子どもに直接会って指導できる期間は限られています。その中で、最大限のものを届けきることの重要性や、毎回の指導で子どもに誠実に向き合うことの大切さを感じました。

在私は学生スタッフとして教室運営に携わっていて、子どもたちに寺子屋で勉強以外の価値も届けたいと思って活動しています。子どもにとって大学生と関われる機会はなかなかないですし、子どもにとって「寺子屋があったから知らなかったことを知ることができた、こういう視点が増えた、素敵な人に出会えた」と思える経験をしてもらいたいです。学生教師の皆さんには子どもが寺子屋外で過ごしている時間に何をしているのか、子どもたちの日常を取り巻く環境を想像して子どもに届けたいもの、届けるべきだと思うものを常に更新し続けて行動に移していってほしいです。

LFAで達成したいことは何ですか?

子どもたちに「できるようになった」という実感と自分に自信を持って次に一歩踏み出す挑戦を届けたいです。現在寺子屋に通ってくれている子どもたちの多くが、できていても「自分はできない」と自分に自信が持てなかったり、「どうせ無理だから」というような発言をします。

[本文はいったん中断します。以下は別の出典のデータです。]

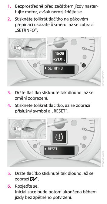 Proklikáním menu vidíš volbu SET/INFO? Podržením tlačítka vstoupíš do tohoto podmenu. A proklikáním najdeš pneumatiku s vykřičníkem a nápisem reset. Nebo to tam fakt nemáš?

点数などの結果が出た時や苦手なことができるようになった時に、「自分でもできるんだ」という自分に対しての自信を持ち、その成功体験をもとに今の自分よりもう一歩上の新たな目標に向かって挑戦するという体験を子どもたちができるよう、支援していきたいです。

最後に、参加を迷っている学生に一言お願いします!

子どもの思いに寄り添い走り続けるプログラムは、一生ものの経験になると思います。実際子どもが自分の成長や成功を実感して自己効力感を感じるような指導をすることは容易なことではありませんが、真剣に子どもに向き合い考え抜く経験を通じて、自分自身を見つめるきっかけにもなると思います。ぜひこの機会に挑戦してみてください。